> **What is required**
Down to the last line, retype the records below exactly and skip the pictures.

╭──

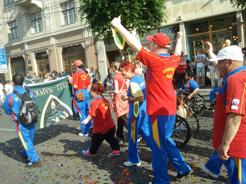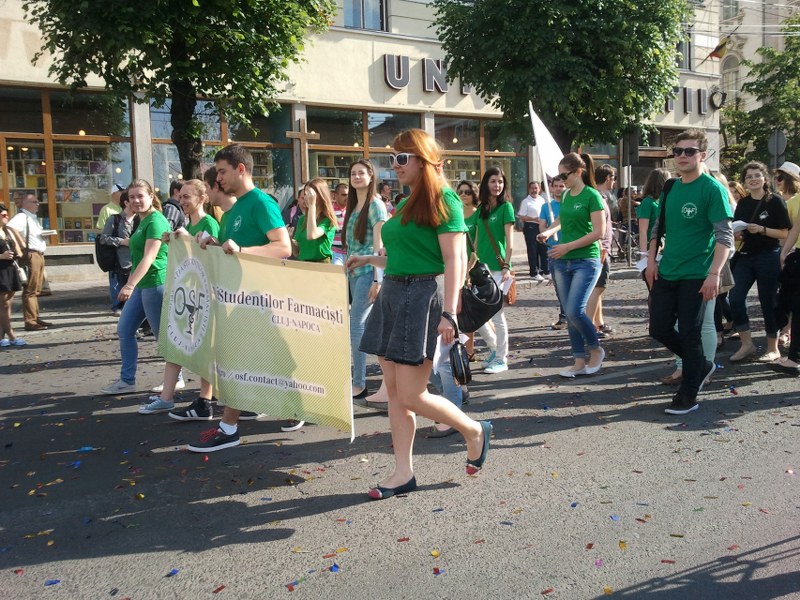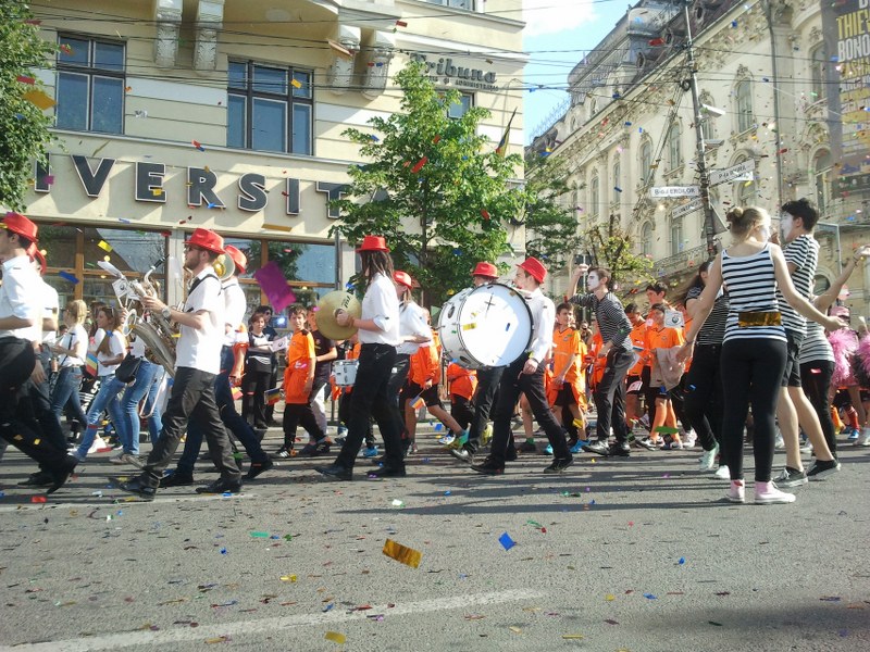Parada a fost deschisă de majoretele de la Madness UMF, multiple campioane, în tunuri de confetti – de altfel, aceasta e una dintre noutățile acestei ediții a paradei, unde miile de bucățele de confetti colorate au inundat latura sudică a pieței Unirii. Au defilat și sportivii de la „U” Mobitelco – baschetbaliștii au diseară un meci decisiv cu CSU Asesoft care stabilește care dintre cele două echipe ajunge în finală, dar și sportivii de la Universitatea Cluj, de la centrul sportiv Lamont ori de la clubul sportiv Voința, dar și studenții din organizațiile care le apără interesele, dansatoarele de la Boemdance și mai mulți pasionați înscriși în cluburi de reenactment istoric, îmbrăcați în daci, romani ori luptători medievali.
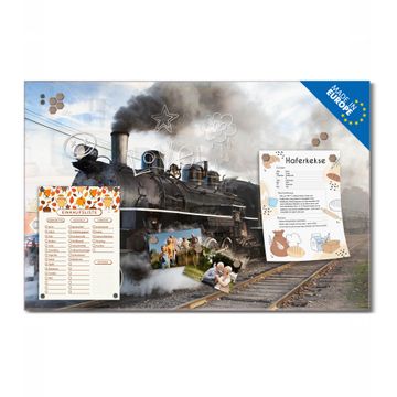 Material: 4mm Sicherheitsglas mit Metallrückwand Eigenschaften: beschreibbar, magnetisch, kratzfest Maße: 75x50x0,6cm, 5,63kg schwer Motiv Nummer 10131 Dampflok Zubehör: inklusive 4 Neodym-Magnete
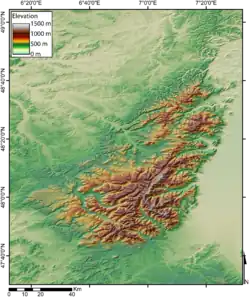 Carte topographique du massif des Vosges. | |
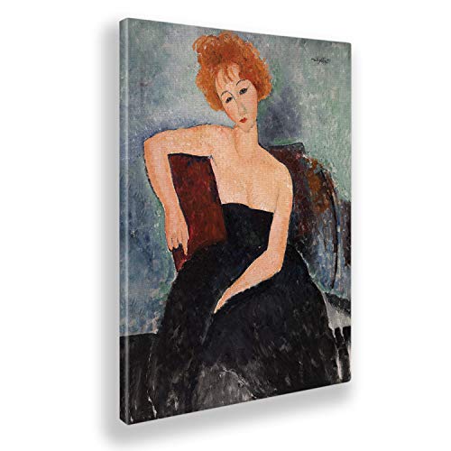 Giallobus - Pinturas - Amedeo Modigliani - Mujer con Cabello Rojo y Vestido Negro - Lienzo - 50x70 - Listo para Colgar - Cuadros Modernos para el hogar
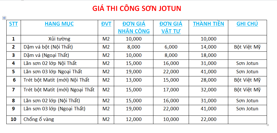 BÁO GIÁ SƠN TƯỜNG NHÀ TRỌN GÓI MỚI NHẤT 2021
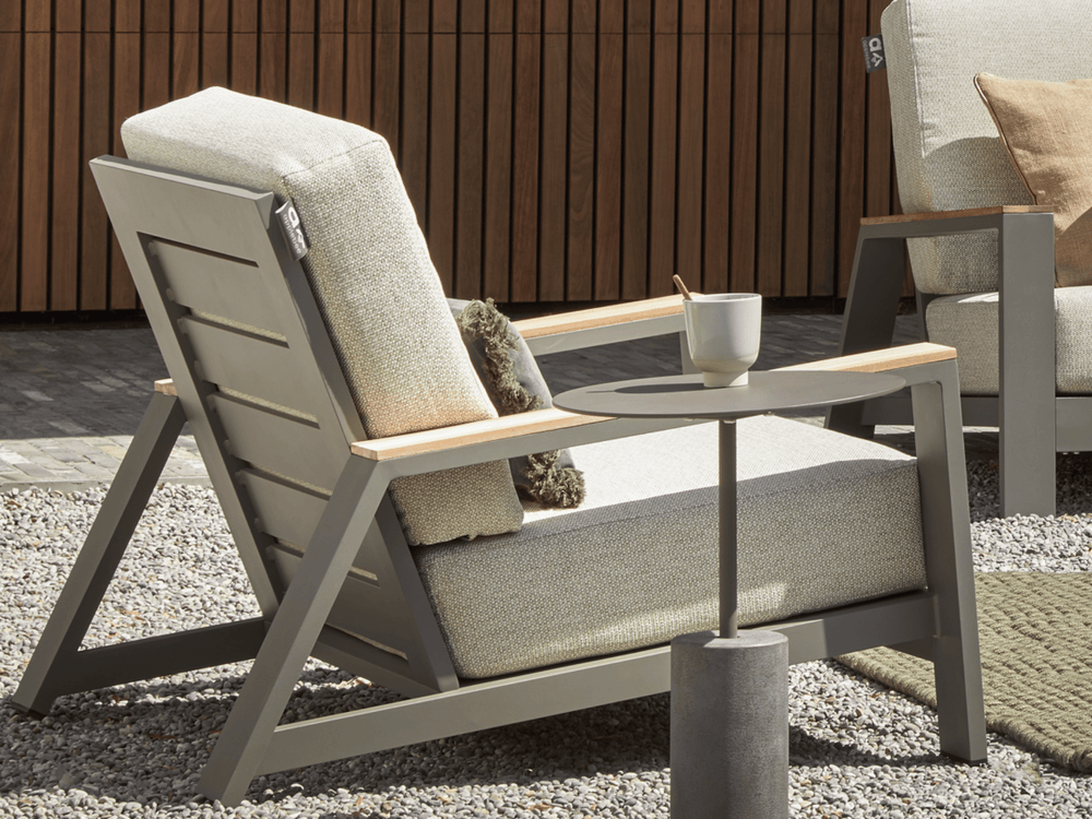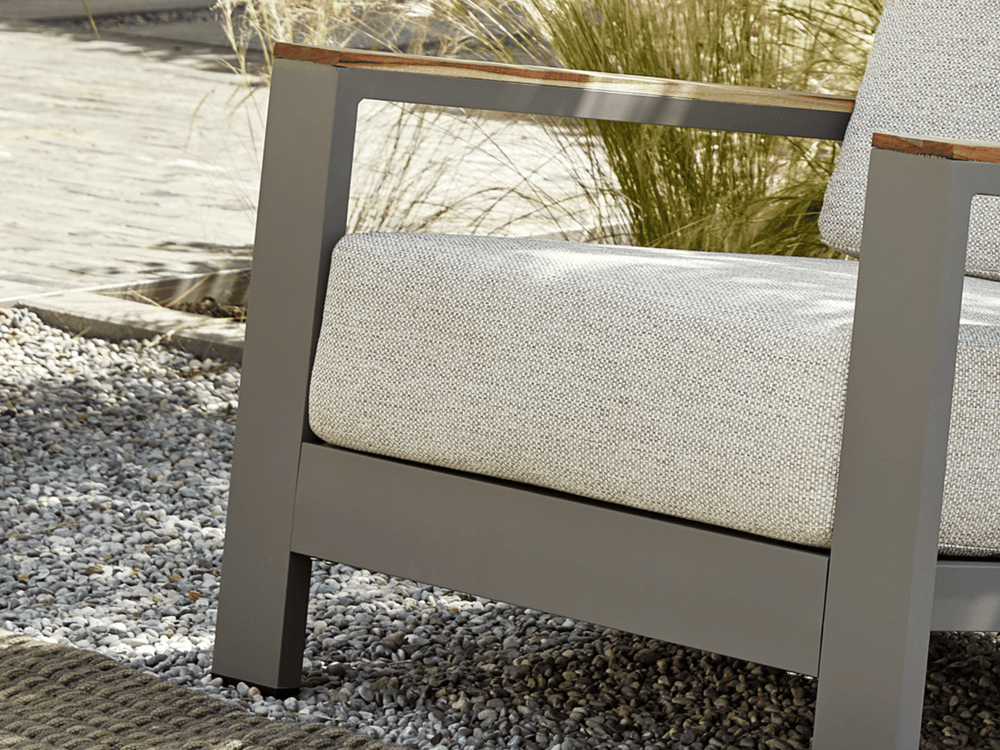 Het Taupe aluminium frame en de teakhouten leuningen zijn weerbestendig en onderhoudsvrij, voor jarenlang zorgeloos genieten met een warme, natuurlijke uitstraling.
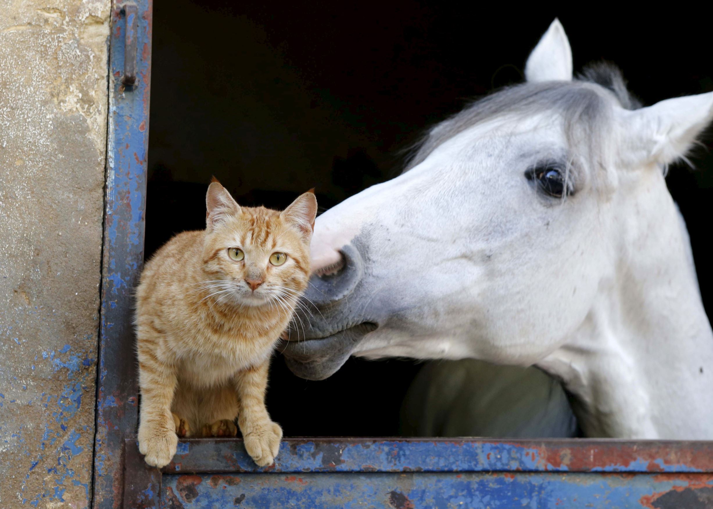 Um "beijinho" ou "cheirinho" de cavalo ao seu amigo gato.

╰──

> **Result of this task**
Parada a fost deschisă de majoretele de la Madness UMF, multiple campioane, în tunuri de confetti – de altfel, aceasta e una dintre noutățile acestei ediții a paradei, unde miile de bucățele de confetti colorate au inundat latura sudică a pieței Unirii. Au defilat și sportivii de la „U” Mobitelco – baschetbaliștii au diseară un meci decisiv cu CSU Asesoft care stabilește care dintre cele două echipe ajunge în finală, dar și sportivii de la Universitatea Cluj, de la centrul sportiv Lamont ori de la clubul sportiv Voința, dar și studenții din organizațiile care le apără interesele, dansatoarele de la Boemdance și mai mulți pasionați înscriși în cluburi de reenactment istoric, îmbrăcați în daci, romani ori luptători medievali.
 Material: 4mm Sicherheitsglas mit Metallrückwand Eigenschaften: beschreibbar, magnetisch, kratzfest Maße: 75x50x0,6cm, 5,63kg schwer Motiv Nummer 10131 Dampflok Zubehör: inklusive 4 Neodym-Magnete
 Carte topographique du massif des Vosges. | |
 Giallobus - Pinturas - Amedeo Modigliani - Mujer con Cabello Rojo y Vestido Negro - Lienzo - 50x70 - Listo para Colgar - Cuadros Modernos para el hogar
 BÁO GIÁ SƠN TƯỜNG NHÀ TRỌN GÓI MỚI NHẤT 2021
 Het Taupe aluminium frame en de teakhouten leuningen zijn weerbestendig en onderhoudsvrij, voor jarenlang zorgeloos genieten met een warme, natuurlijke uitstraling.
 Um "beijinho" ou "cheirinho" de cavalo ao seu amigo gato.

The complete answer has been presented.